• [DIRECTIONS]:
Print only the lines from the one with "当地时间2024年2月22日" through the end of the data, exactly, and please omit pictures.

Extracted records
------------

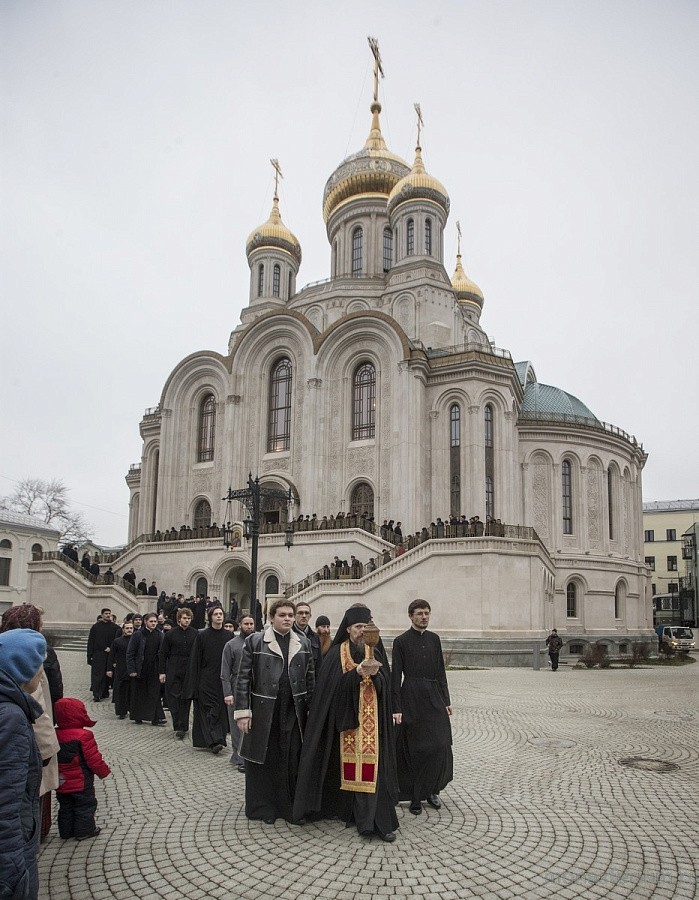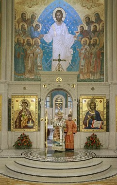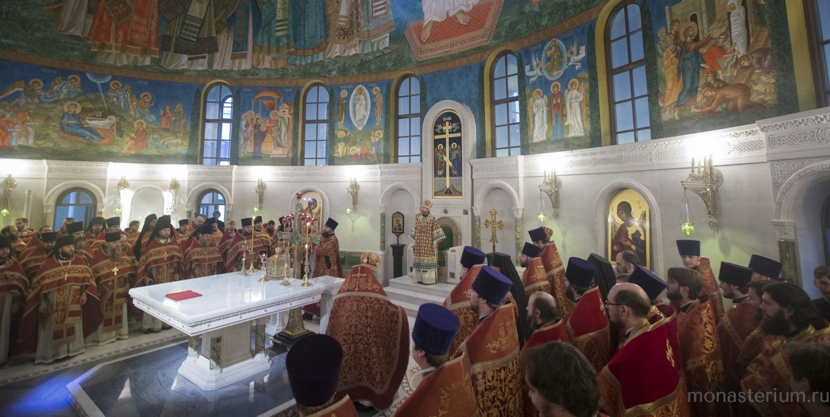 Позднюю Божественную литургию в храме Воскресения Христова и Новомучеников и исповедников Церкви Русской отслужил наместник Сретенского ставропигиального монастыря, председатель Патриаршего совета по культуре епископ Егорьевский Тихон в сослужении священноиноков обители, многочисленного клира г. Москвы и выпускников Сретенской духовной семинарии в священном сане.
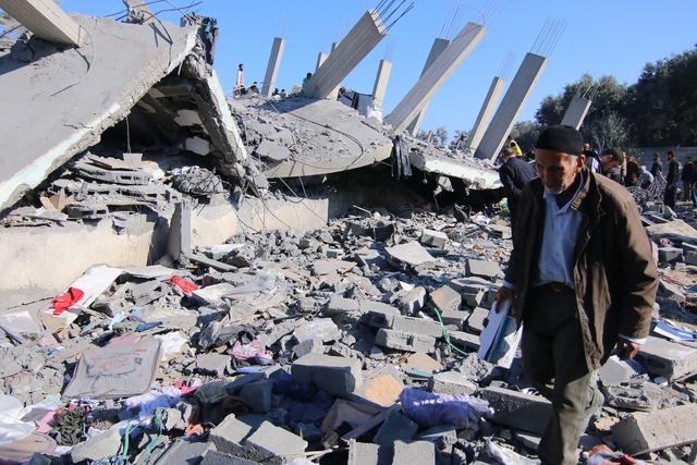 当地时间2024年2月22日,加沙地带中部扎瓦伊达地区,以色列空袭后,巴勒斯坦人走过倒塌建筑物的废墟。世界银行在一份新报告中说,巴勒斯坦经济多年来一直步履蹒跚,以色列对哈马斯的战争给巴勒斯坦经济造成了毁灭性打击。
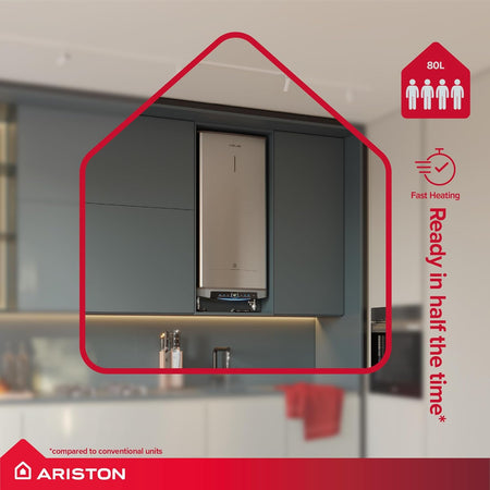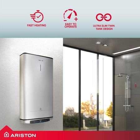The Ariston Velis Tech Wi-Fi 80L is a slim, twin-tank electric storage water heater with integrated Wi-Fi connectivity, designed to meet the hot water needs of small households or multiple users. It combines fast recovery, energy efficiency, and smart app control in an ultra-slim wall-mounted design.
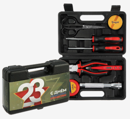 Набор инструментов в кейсе ТУНДРА «23 ФЕВРАЛЯ», в подарочной упаковке, 8 предметов
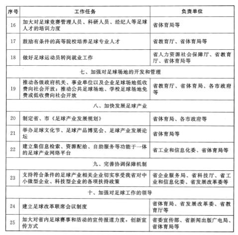(一)理顺足球管理体制。(一)充分发挥各类社会组织作用。(一)加强足球教练员和裁判员队伍建设。(一)构建多层次广覆盖的竞赛体系。(一)不断扩大足球运动的群众基础。(一)推进校园足球普及。(一)指导思想。

------------

• [EXERCISE ANSWER]:
 当地时间2024年2月22日,加沙地带中部扎瓦伊达地区,以色列空袭后,巴勒斯坦人走过倒塌建筑物的废墟。世界银行在一份新报告中说,巴勒斯坦经济多年来一直步履蹒跚,以色列对哈马斯的战争给巴勒斯坦经济造成了毁灭性打击。
The Ariston Velis Tech Wi-Fi 80L is a slim, twin-tank electric storage water heater with integrated Wi-Fi connectivity, designed to meet the hot water needs of small households or multiple users. It combines fast recovery, energy efficiency, and smart app control in an ultra-slim wall-mounted design.
 Набор инструментов в кейсе ТУНДРА «23 ФЕВРАЛЯ», в подарочной упаковке, 8 предметов
(一)理顺足球管理体制。(一)充分发挥各类社会组织作用。(一)加强足球教练员和裁判员队伍建设。(一)构建多层次广覆盖的竞赛体系。(一)不断扩大足球运动的群众基础。(一)推进校园足球普及。(一)指导思想。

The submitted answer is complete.